We have ensured some aspects of the RHS calendar still happened:  The Sixth Form Entertainment, Foundation Day, creative writing club, and we have used the words “unprecedented” and the “new normal” an unprecedented number of times, until the point where they really are, the “new normal.”

We have achieved so much as a community, we should be finishing 2020 positive that despite the great challenges faced, and the difficult times some of our community have faced, we have got through it together, with heights firmly set in our hearts.

As we see 2021 on the horizon, RHS is still going strong, still a beacon of joy and curiosity in learning, still a kind and warm place to be each day.  I, of course, mean emotionally warm.  Not physically.  With all the windows open for ventilation, it is never warm! 

Even in our year group and form group bubbles, even though we don’t congregate in numbers and we haven’t come together in one room as the school community since last December, we know we are all part of the one community of RHS.  Each of our actions every day has the capacity to change the world, and, if we take each day as it comes, like we have done since March, then step by step, day by day and week by week, we will continue to grow stronger together!

Have a very peaceful Christmas, and I wish a safe and healthy New Year to you all!


Pictures from the Past

At first glance, this looks photo looks as if it might contain some computer generated buildings.  But no, the pre-fab buildings were here in in about 1992 prior to the building of the Sixth Form Centre.

Two of them (the ones on the left) were the sixth form common rooms (one lower sixth, one upper sixth), the others were used  primarily for English lessons.

They were knocked down and replaced by the Acorn block in about 1999/2000, but the two common rooms stayed until 2003, when they were replaced by the SF Centre.

According to Friend of Rugby High and current Head of Psychology and Sociology, Olivia LePoidevin, "They were generally pretty cold and very loud when it rained or was windy!  The common rooms were particularly awful – one had a hole in the wall where a Sheriff boy kicked it!  We had old second hand sofas and a dodgy radio – happy times!"


Foundation Day 2020

This year  Foundation Day was played out online and students watched the pre-recorded 40 minute event from the (cold) comfort of their form rooms.  Speeches from Mr Grady, our current and former senior student team and from RHSOGS were interspersed with interludes from our musicians and performers.  

When asked afterwards, students all said that they enjoyed different aspects of the recording, from Mr Grady's speech outside, Alisha Naik's inspiring and encouraging words, the musical interludes underpinning the images of the school past and present and a beautiful montage of artwork. For the first time, it was possible to include some drama snapshots too. Of course, nothing surpasses the feeling of being a whole community when we can physically assemble in one place and can all sing the School Anthem together - as tricky as it might be - and hopefully this time next year shall see a very different Foundation Day again.

A virtual event does have other advantages too, one of which is that everyone in our school community has the opportunity to watch it!    

We are delighted to share this link allowing you access to our Foundation Day 2020: https://youtu.be/zr2tV0rpfT4 . It will be available until early January 2021.

Focus on  a Friend: Sam Fair (née Cowie)

Which year did you leave Rugby High? 

1994 (Where has the time gone?!)

What A Levels did you take?

French, German and English Literature and Language

Who was your favourite teacher? 

This is a very difficult question to answer!
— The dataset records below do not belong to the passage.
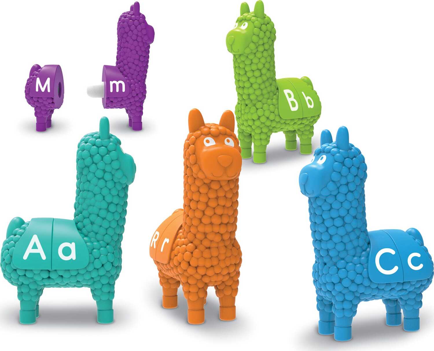 These adorable llamas are ready for alphabet adventures! Kids learn letter and early color matching every time they mix and match the Snap-n-Learn Letter Llamas.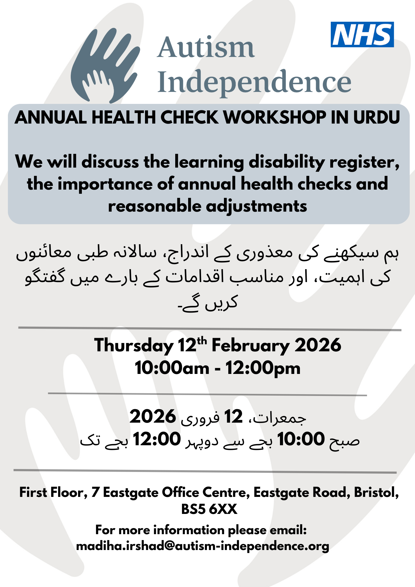 We are inviting families to find out more about Annual Health Checks for people with a learning disability. This informative session, delivered in Urdu by our dedicated NHS Healthcare Navigator Madiha, will cover the Learning Disability Register, the importance of Annual Health Checks, and…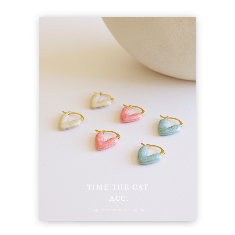 Zhou Yutong's Love Dropping Oil Earrings Fresh and Sweet Niche Simple Design Light Luxury High-end All-match Earrings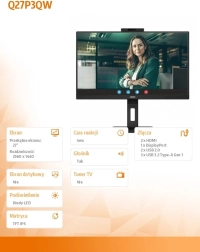 Ergonomski in eleganten monitor AOC Q27P3QW nudi odlično vizualno izkušnjo zahvaljujoč tehnologiji IPS, ki zagotavlja živahne barve in široke kote gledanja. Ta monitor je idealen za pisarniško delo in zabavo.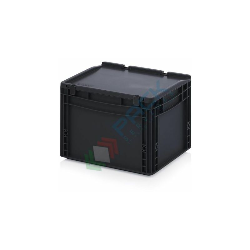 CASSETTA IN PLASTICA ANTISTATICA E CONDUTTIVA Contenitore in plastica, conduttivo e antistatico, capacità 26 Lt, Mis. esterne 400 L x 300 P x 285 H mm, Mis. interne 370 L x 270 P x 255 H mm. Cassetta in plastica sovrapponibile, norma Europa, con coperchio integrato. La cassa in plastica, il coperchio e la cerniera sono realizzati in materiale sintetico conduttivo, quindi adatti per l'immagazzinaggio e il trasporto in sicurezza di merce elettronica. Cassetta di plastica impilabile anche con coperchio, robusta e fornita in tutti i formati Euro attuali. Il coperchio è incluso e fornisce maggiore protezione al contenuto. Base e pareti chiuse, maniglie chiuse. Cassetta conduttiva e antistatica in polipropilene (PP), NON idonea al contatto alimentare. Con l'utilizzo di contenitori antistatici si evitano cariche elettrostatiche;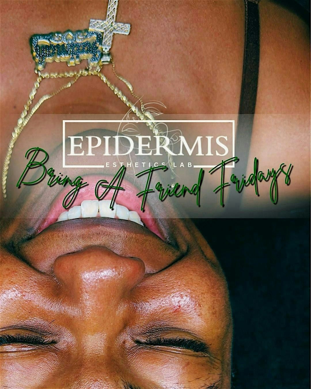 Welcome to Bring A Friend Fridays-Facials and Mimosa's at Epidermis Esthetics Lab! Join us EVERY FRIDAY 10:00 AM-5PM for a relaxing day of pampering and fun. Treat yourself to a rejuvenating facial while sipping on delicious mimosas with your friends.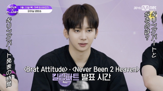 このファイナルミッションでは新曲の「Brat Attitude」と「Never Been 2 Heaven」を披露。キリングパートは、まず練習生同士の評価により候補者を2人に絞り、その中からスタークリエイター(視聴者)の投票によって決定される。
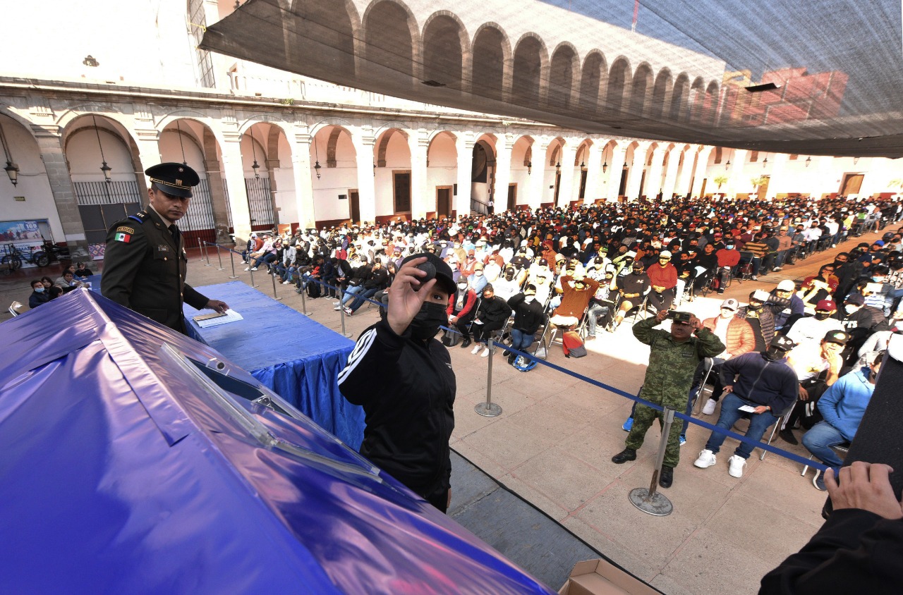 Irapuato, Gto. 27 de noviembre del 2022.- Jóvenes irapuatenses participaron en el Sorteo Militar en el patio de la Presidencia Municipal. Este año se inscribieron mil 736 jóvenes, de los cuales mil 236 resultaron bolas negras y 500 bolas blancas.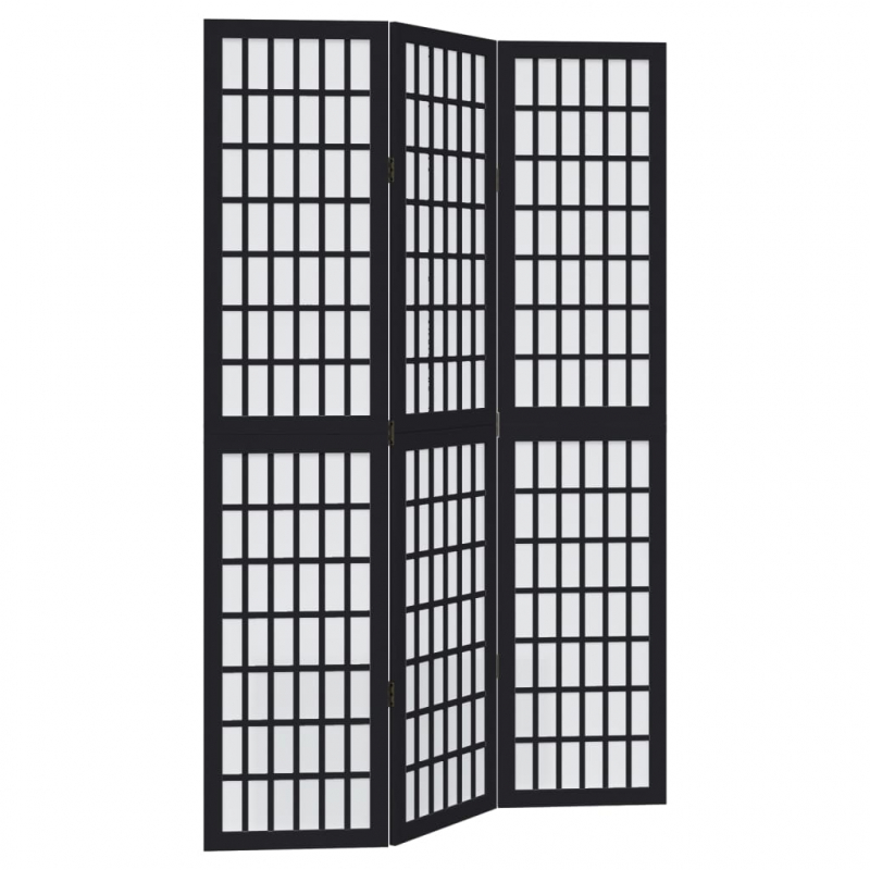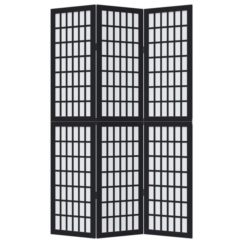 3-tlg. Paravent Schwarz Massivholz Paulownia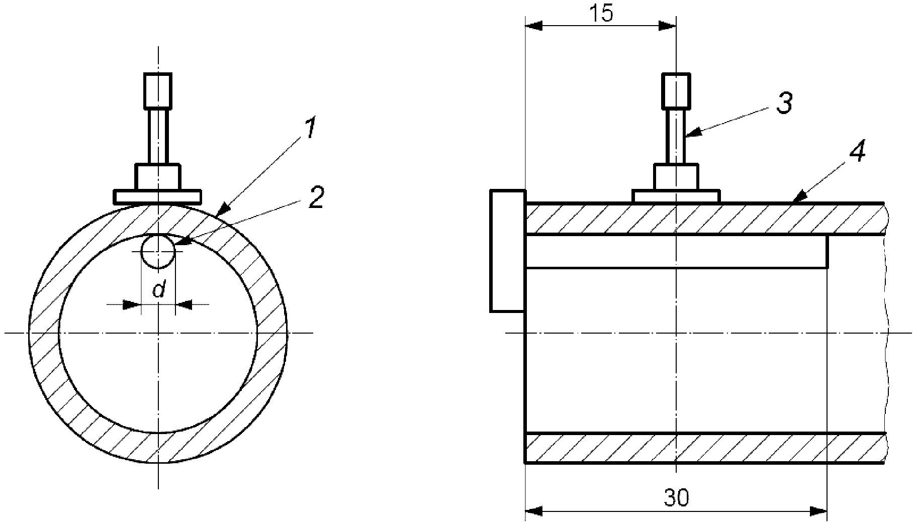 шток; 4 - рукав длиной не менее 30 мм d = 3 мм для рукавов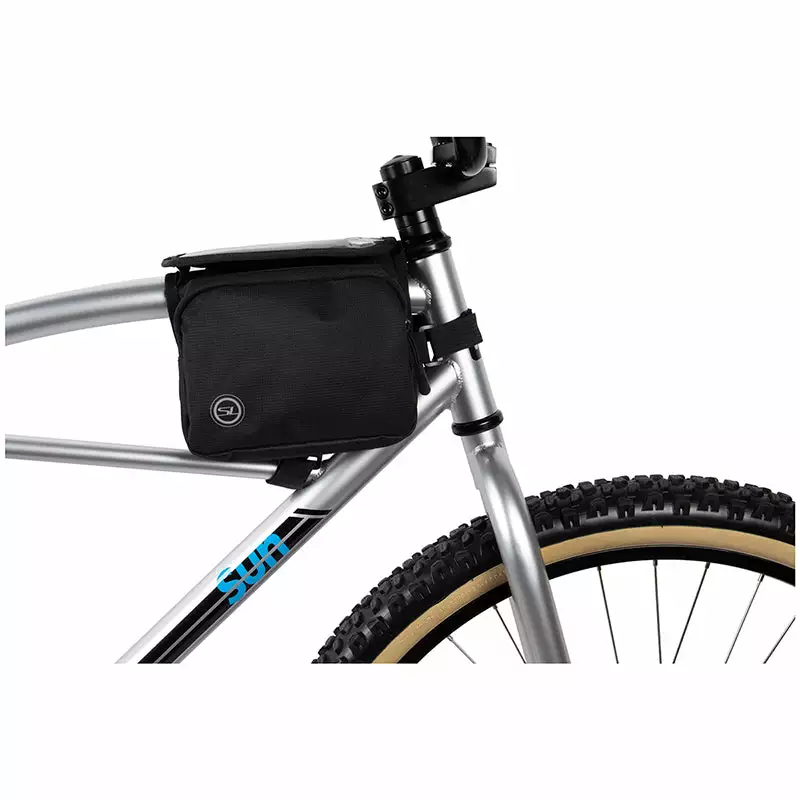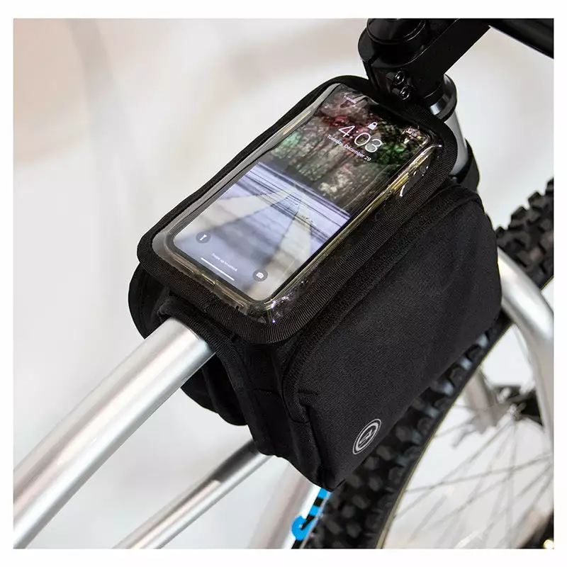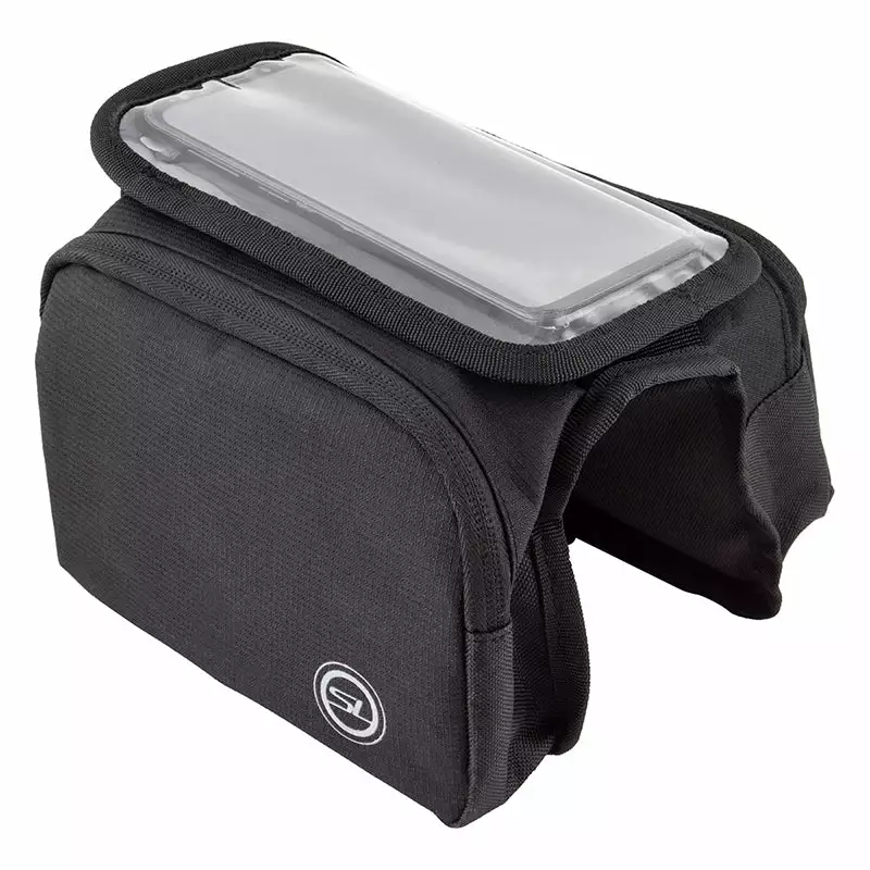 Top tube saddle bag style bag with 2 side compartments and a clear PVC phone/map pouch
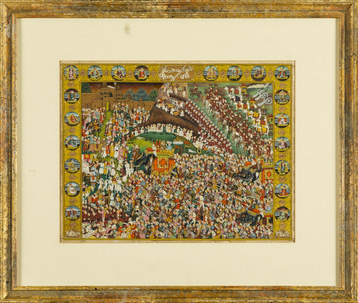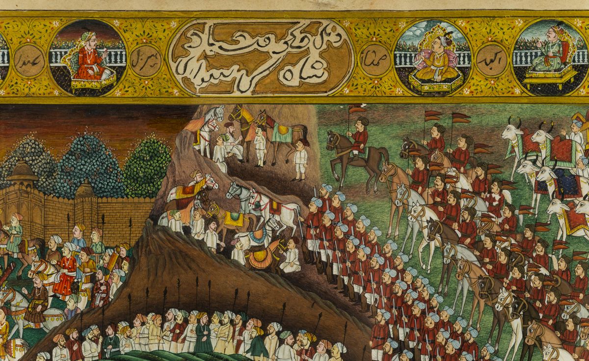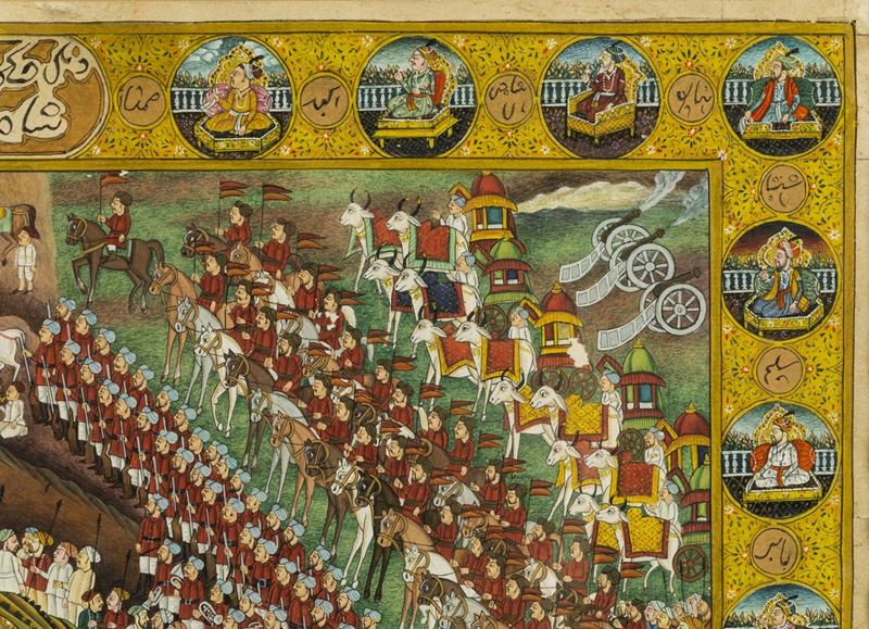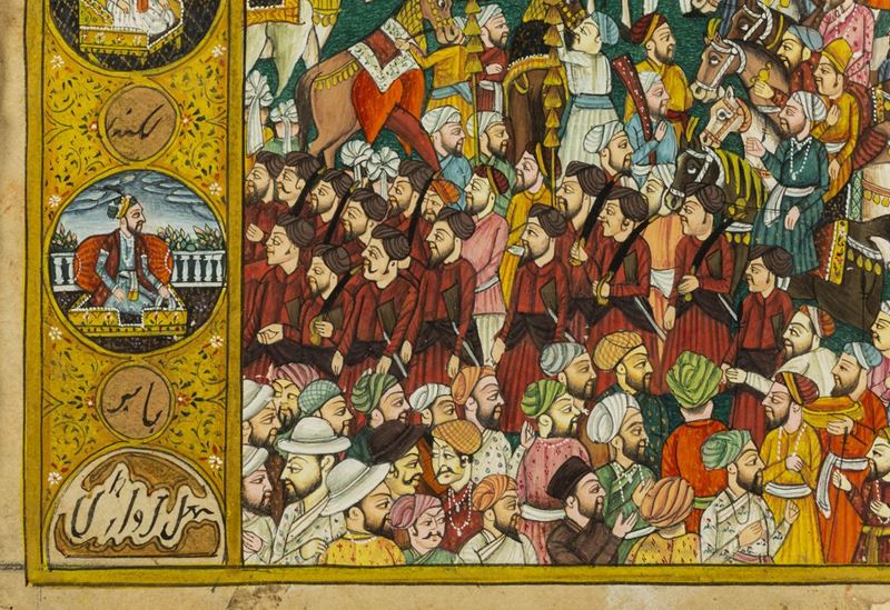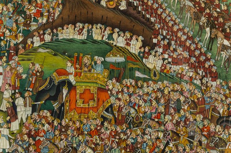 Miniatura su carta raffigurante corteo con personaggi a cavallo ed elefanti, India, XIX

I enjoyed doing all of my A Level courses so much and that was due to the fantastic teaching I was lucky enough to experience so it’s really hard to choose a favourite teacher… but for pushing her trolley into mine in Sainsburys five years ago so that I couldn’t ignore her (I really wasn’t trying to I was just in a complete daze, I think!) and for going from being one of the scariest, if not THE scariest, teacher when we were in Lower School to being so much fun in Sixth Form, I think it has to be Gillian Forsyth.

What is your best memory?

I feel so lucky that I seem to have so many to choose from - great ski trips, long lunchtimes in Summer lazing under the shade of a tree chatting and laughing with friends, taking part in all those debating contests -  but it probably has to be walking right from the back of the hall down the to the front of the stage with a captive audience, hanging on my every word, as I did my best Mr (Gordon) Jackson impression in our sixth form entertainment (Willy Walker and the Thornton’s Chocolate Factory) - I ….can…. make ….a …..sentence……last…. ten….hours!

Favourite school food? 

It’s got to be the chocolate cracknel at break times, with the chocolate peppermint slices and Eccles cakes coming a close second. The cheese and potato pies at lunch times were also pretty great, especially if you’d had one put aside for you for after netball practice!

What are you doing now? 

I teach French and Latin at Rugby High – the world works in mysterious yet wonderful ways!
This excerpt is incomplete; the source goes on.